Rishi Desai, MD, MPH

The goal of a postoperative evaluation is to recognize and manage issues that arise in the immediate postoperative period.

Generally, right after any procedure requiring anesthesia, individuals are monitored in a post-anesthesia care unit or PACU for things like respiratory distress or cardiac complications.

Signs of respiratory distress include tachypnea - with a respiratory rate over 30 breaths per minute, or bradypnea - with a respiratory rate below 8 breaths per minute; SpO2 lower than 93 percent; or in severe cases cyanosis and use of accessory respiratory muscles. If there’s a concern, an arterial blood gas and a chest X-ray can be obtained.

Also cardiac monitoring is done to assess their heart rate and blood pressure, because postoperatively, individuals are at increased risk of cardiovascular complications like hypo- or hypertension, cardiac arrhythmias, myocardial ischemia, and even heart failure.

Individuals are also assessed for their mental status, temperature, pain level, neuromuscular function, ability to pass gas and stool, and presence of nausea or vomiting.

Last but not least, a person’s hydration status along with intake and output - like fluid administration, urine output, bleeding, and wound drainage - are all carefully tracked. Now, the most common postoperative complication is nausea and vomiting.

Risk factors include preoperative nausea and vomiting, female gender, having a history of postoperative nausea and vomiting or motion sickness, use of volatile anesthetics, longer duration of anesthesia, and the type of surgery, with cholecystectomy, gynecologic, and laparoscopic procedures showing slightly higher risk compared with other general surgical procedures.

To help minimize this, inhalation agents which more commonly cause those symptoms, can be avoided.

Instead, total intravenous anesthesia or TIVA can be used along with propofol, which helps with induction and maintenance of anesthesia.

In addition, preventive measures include giving antiemetics like a scopolamine patch at least two hours prior to the induction of anesthesia and removing the patch within 24 hours.

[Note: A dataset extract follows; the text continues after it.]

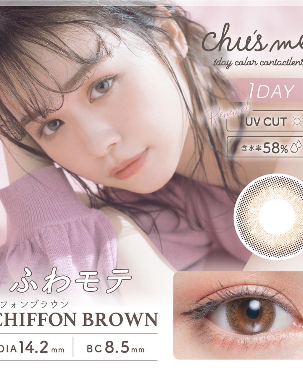ゆうこすプロデュースコンタクトレンズブランド「Chu's me」の新色 縁は薄くて瞳の中がキラキラとした生まれつき瞳の色素が薄いような発色になる! 色素の薄いベージュカラーに黒ふちがありくりっと瞳に!奥目大優勝レンズ♡

Also dexamethasone - 4 to 8 milligrams can be given intravenously after induction, and this is thought to have a direct antiemetic effect, and help with postoperative pain. Finally ondansetron - 4 milligrams intravenously, can be given at the end of surgery.

After the surgical procedure, there is likely to be a lot of pain which can also worsen feelings of nausea and vomiting. Pain control that minimizes or avoids opioids is particularly important.

One option is 1 gram of IV acetaminophen or 15 to 30 milligrams of IV ketorolac, as well as local and regional anesthesia.

If there is nausea and vomiting postoperatively, individuals should get a rescue antiemetic that’s from a different drug class from ones used for prophylaxis, unless the first drug has worn off and the person is due for another dose.

Some options are 5 to 10 milligrams of IV prochlorperazine or 0.625 milligrams of IV droperidol.

Atelectasis is a common pulmonary postoperative complication in which there’s the collapse or closure of a lung, resulting in reduced or absent gas exchange, and it presents with shallow breathing, weak cough, and hypoxemia.

It is most common on days 2 to 3 following abdominal or thoracoabdominal surgery, and it’s usually caused by decreased compliance of lung tissue, impaired regional ventilation, retained airway secretions, or postoperative pain that interferes with spontaneous deep breathing and coughing.

For treatment, individuals without abundant secretions can get continuous positive airway pressure or CPAP, which delivers pressurized air or oxygen through a nose or face mask to help ensure that the alveoli do not collapse.

On the other hand, individuals with abundant secretions are treated with chest physiotherapy, focusing on deep breathing exercises and encouraging coughing, as well as oral suctioning for those who are unable to expectorate their secretions.

Prophylaxis for postoperative atelectasis includes smoking cessation at least 8 weeks prior to surgery, and preoperative exercise and pulmonary rehabilitation with aerobic exercises, deep breathing exercises, and inspiratory muscle training, as well as incentive spirometry, which is a medical device that measures how deeply an individual can inhale, and helps take slow, deep breaths to better expand the lungs.

Venous thromboembolism is an important and relatively common postoperative complication, since individuals are hypercoagulable and immobile.

This is particularly true in oncologic, pelvic, orthopedic, and neurosurgeries. Venous thromboembolism includes deep vein thrombosis and pulmonary embolism.

Symptoms can include leg swelling, pain discoloration, dyspnea, respiratory distress, hypoxia, syncope, and fever.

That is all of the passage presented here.